Restate the records that follow word for word. Omit the images.

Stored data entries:
-=-=-=-=-

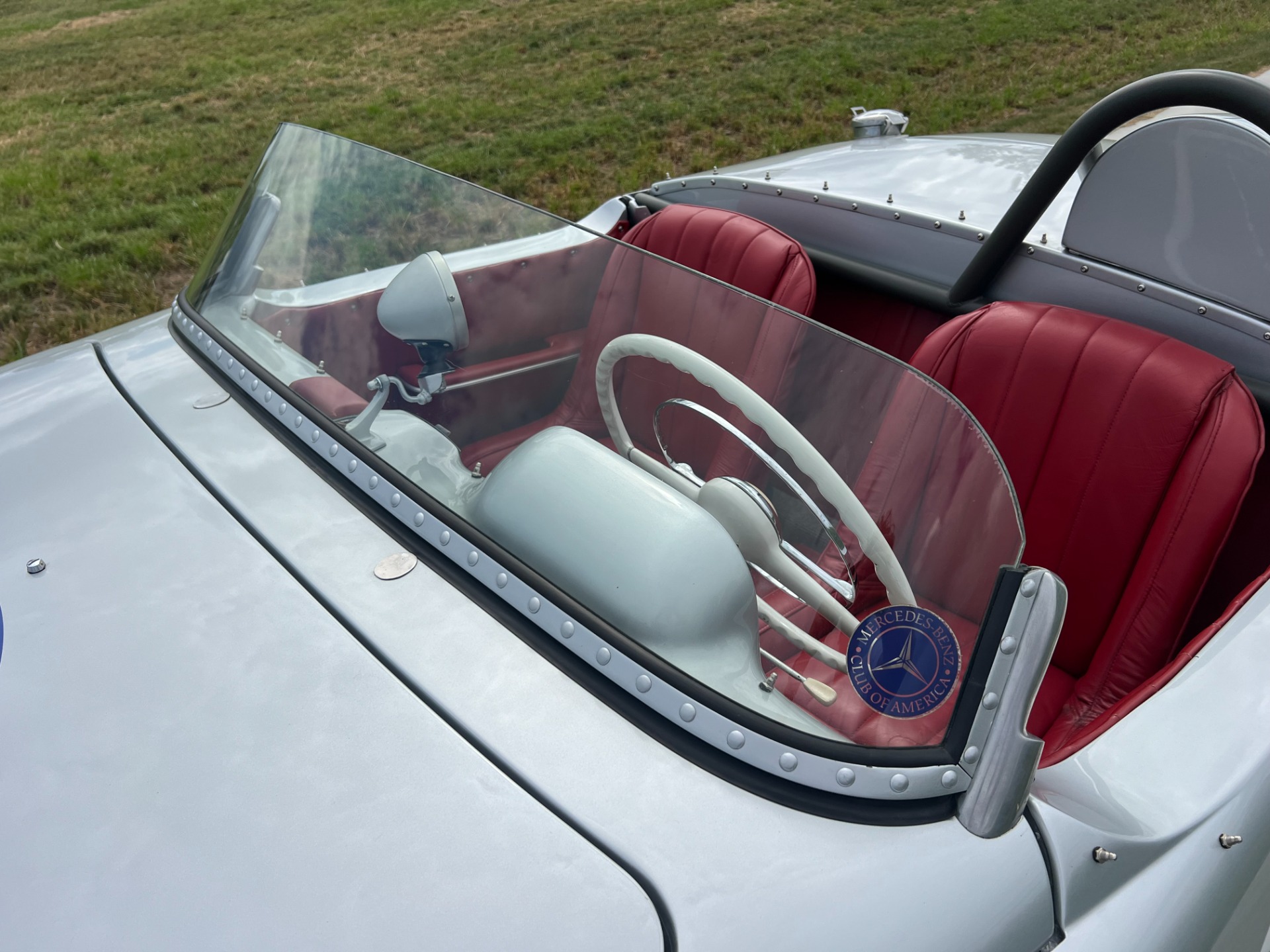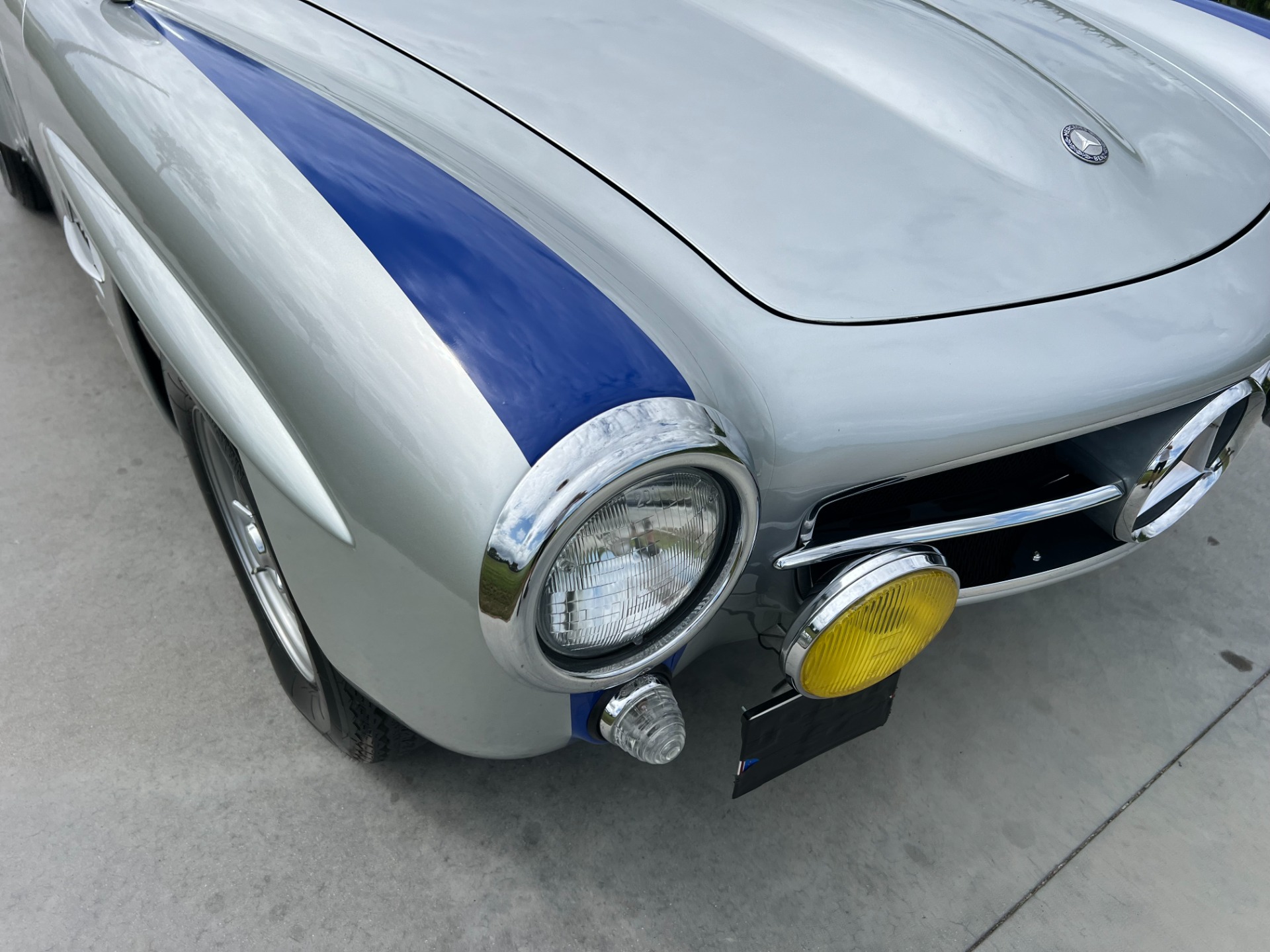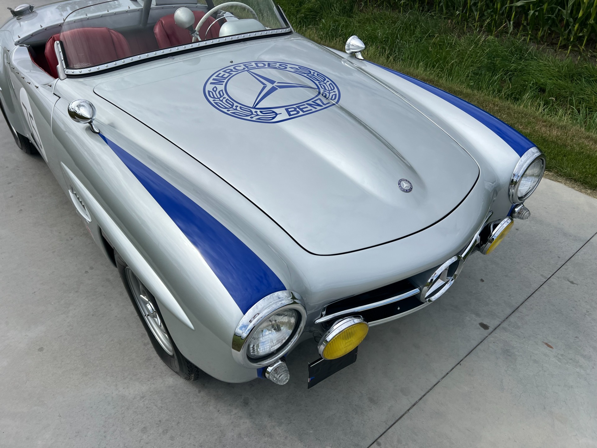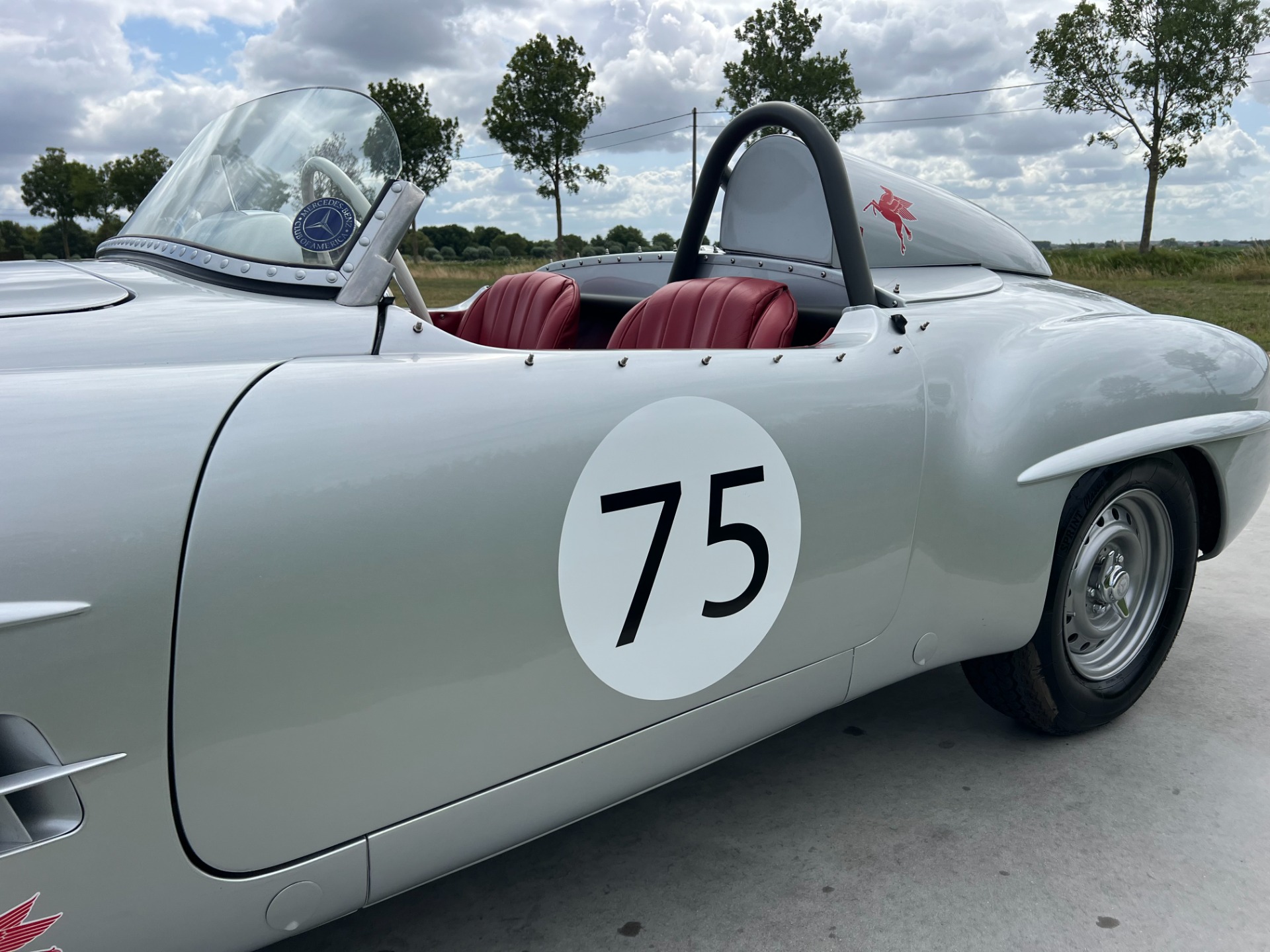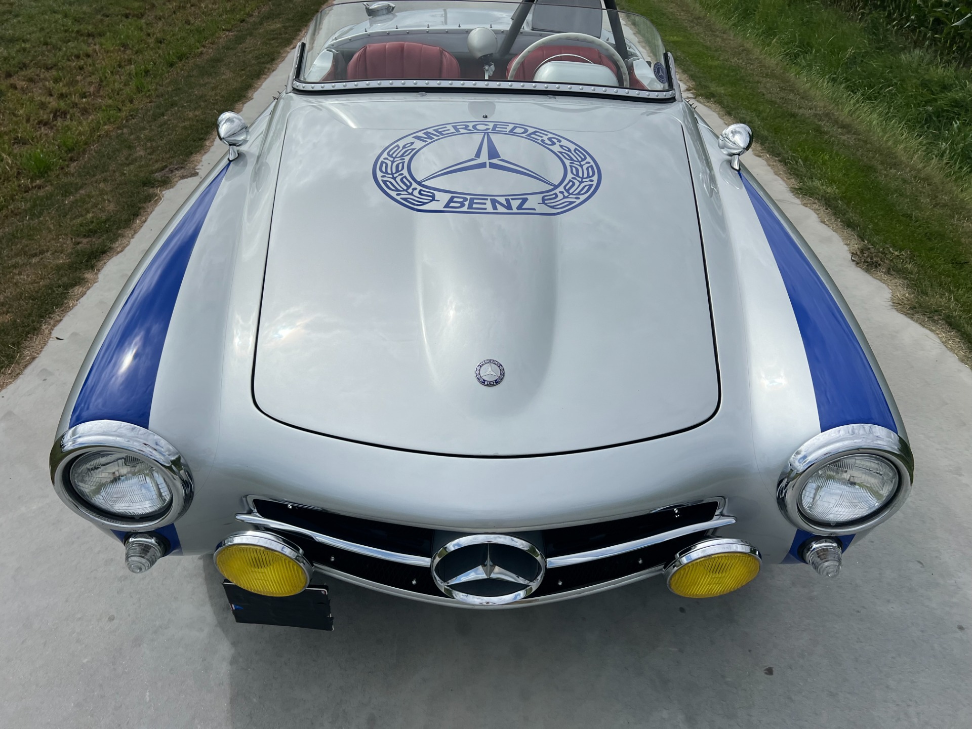 Finished in light silver-gray with blue racing stripes and custom hood art. Features include racing roll hoop, yellow rally fog lamps, bullet mirrors, and number roundels. Stripped-down for vintage racing with no bumpers, lightweight body mods, and period-correct wheels. A head-turning, track-ready classic with timeless Mercedes style.
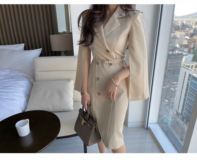 女性のドレス2021夏のシックな気質ラペルダブルブレストスーツスタイルのスリット時計スリーブベルト付きVestidos サマー 夏物 ハーネス Rhc34063624767
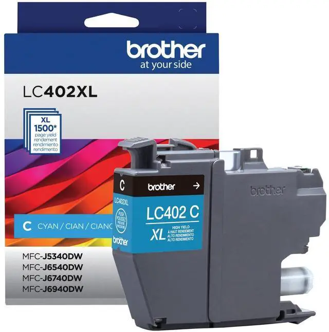 Always trust Brother Genuine ink for superior inkjet print quality and performance you can consistently rely on. These high-yield ink cartridges deliver consistent and professional results. All Brother Genuine ink cartridges are intelligently engineered to work seamlessly with your Brother inkjet printer for consistent, reliable results. Brother Genuine LC402XLBK is for use with Brother Color Inkjet All-In-One printers: MFC-J5340DW, MFC-J6540DW, MFC-J6940DW. Device Types: Inkjet Printer; Color(s): Cyan; Page-Yield: 1,500; Supply Type: Ink.
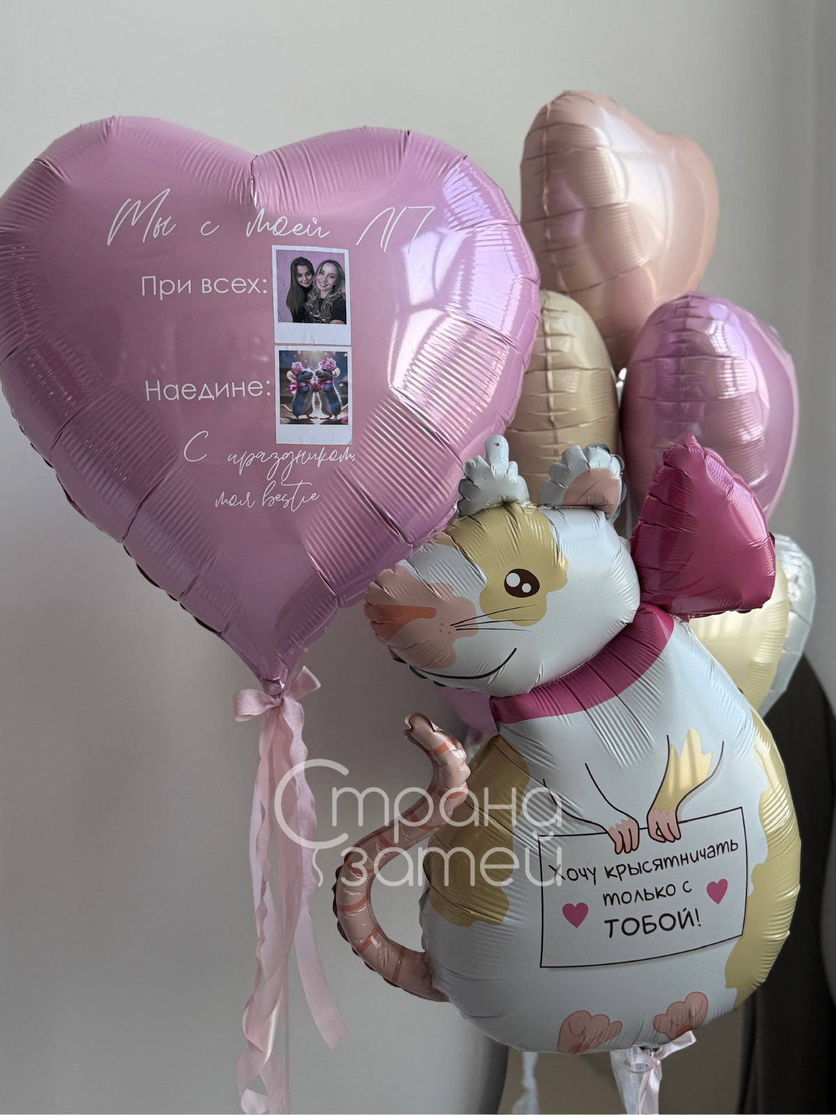 Сет шаров «Крыска и сердце с фото»
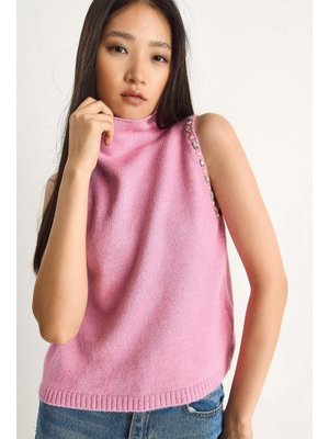 Bianco Lucci Pembe Taş Detaylı Yarım Balıkçı Yaka Triko Bluz
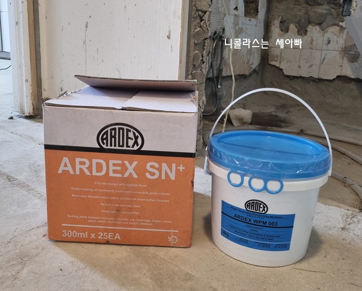 **아덱스 방수제 (ARDEX WPM003)**를 사용해
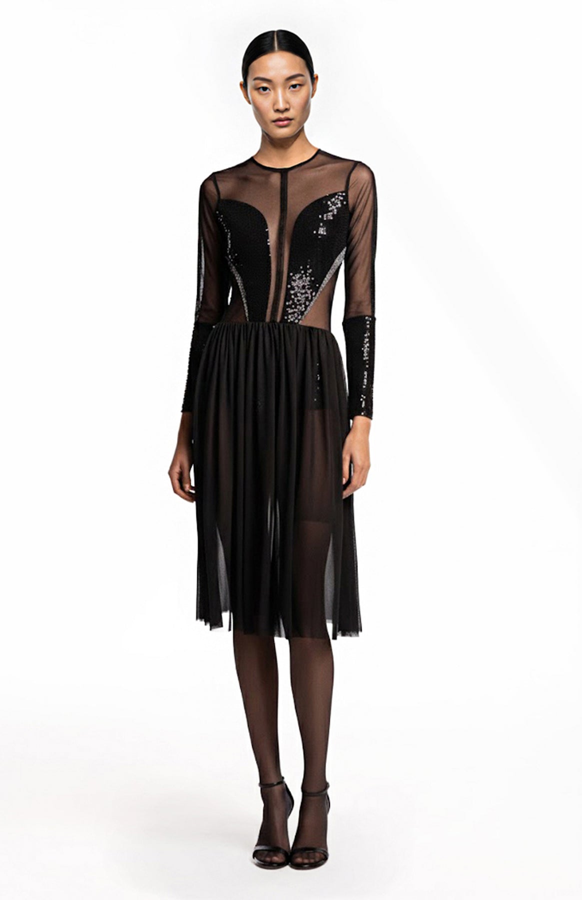 sheer long sleeve dress
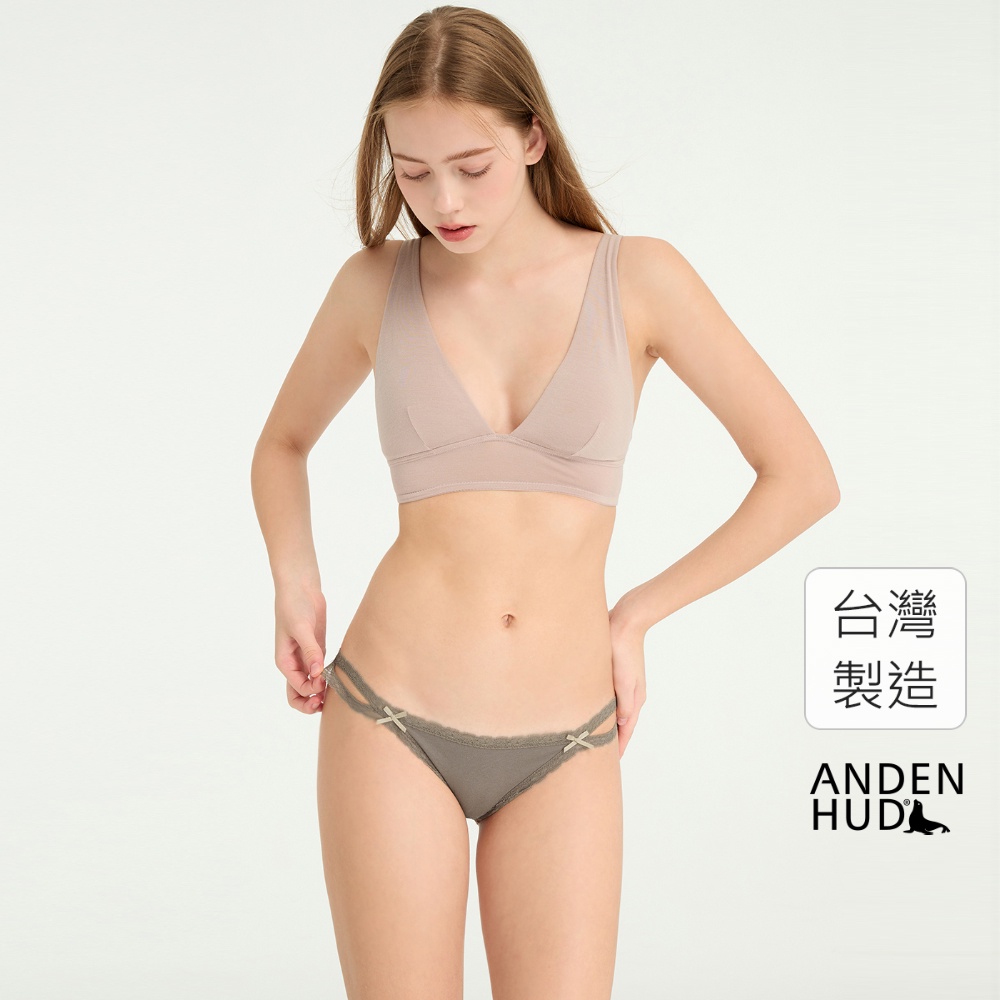 【Anden Hud】暖心烘焙.雙蕾絲邊高衩低腰三角內褲(褐灰-虛線蝴蝶結) 純棉台灣製M|L|XLPantiesAnden Hud 台灣製內著 官方旗艦店
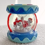 Oplev et alsidigt musiklegetøj, der både glæder og beroliger. WOOPIE 3-i-1 trommen fungerer som en tromme med en stor knap, en spilledåse med roterende heste og en natprojektor, der imiterer stjerner. Blinkende lys og behagelige melodier understøtter udvikling af hørelse, syn og koncentration.

-=-=-=-=-

● Exercise response:
 Finished in light silver-gray with blue racing stripes and custom hood art. Features include racing roll hoop, yellow rally fog lamps, bullet mirrors, and number roundels. Stripped-down for vintage racing with no bumpers, lightweight body mods, and period-correct wheels. A head-turning, track-ready classic with timeless Mercedes style.
 女性のドレス2021夏のシックな気質ラペルダブルブレストスーツスタイルのスリット時計スリーブベルト付きVestidos サマー 夏物 ハーネス Rhc34063624767
 Always trust Brother Genuine ink for superior inkjet print quality and performance you can consistently rely on. These high-yield ink cartridges deliver consistent and professional results. All Brother Genuine ink cartridges are intelligently engineered to work seamlessly with your Brother inkjet printer for consistent, reliable results. Brother Genuine LC402XLBK is for use with Brother Color Inkjet All-In-One printers: MFC-J5340DW, MFC-J6540DW, MFC-J6940DW. Device Types: Inkjet Printer; Color(s): Cyan; Page-Yield: 1,500; Supply Type: Ink.
 Сет шаров «Крыска и сердце с фото»
 Bianco Lucci Pembe Taş Detaylı Yarım Balıkçı Yaka Triko Bluz
 **아덱스 방수제 (ARDEX WPM003)**를 사용해
 sheer long sleeve dress
 【Anden Hud】暖心烘焙.雙蕾絲邊高衩低腰三角內褲(褐灰-虛線蝴蝶結) 純棉台灣製M|L|XLPantiesAnden Hud 台灣製內著 官方旗艦店
 Oplev et alsidigt musiklegetøj, der både glæder og beroliger. WOOPIE 3-i-1 trommen fungerer som en tromme med en stor knap, en spilledåse med roterende heste og en natprojektor, der imiterer stjerner. Blinkende lys og behagelige melodier understøtter udvikling af hørelse, syn og koncentration.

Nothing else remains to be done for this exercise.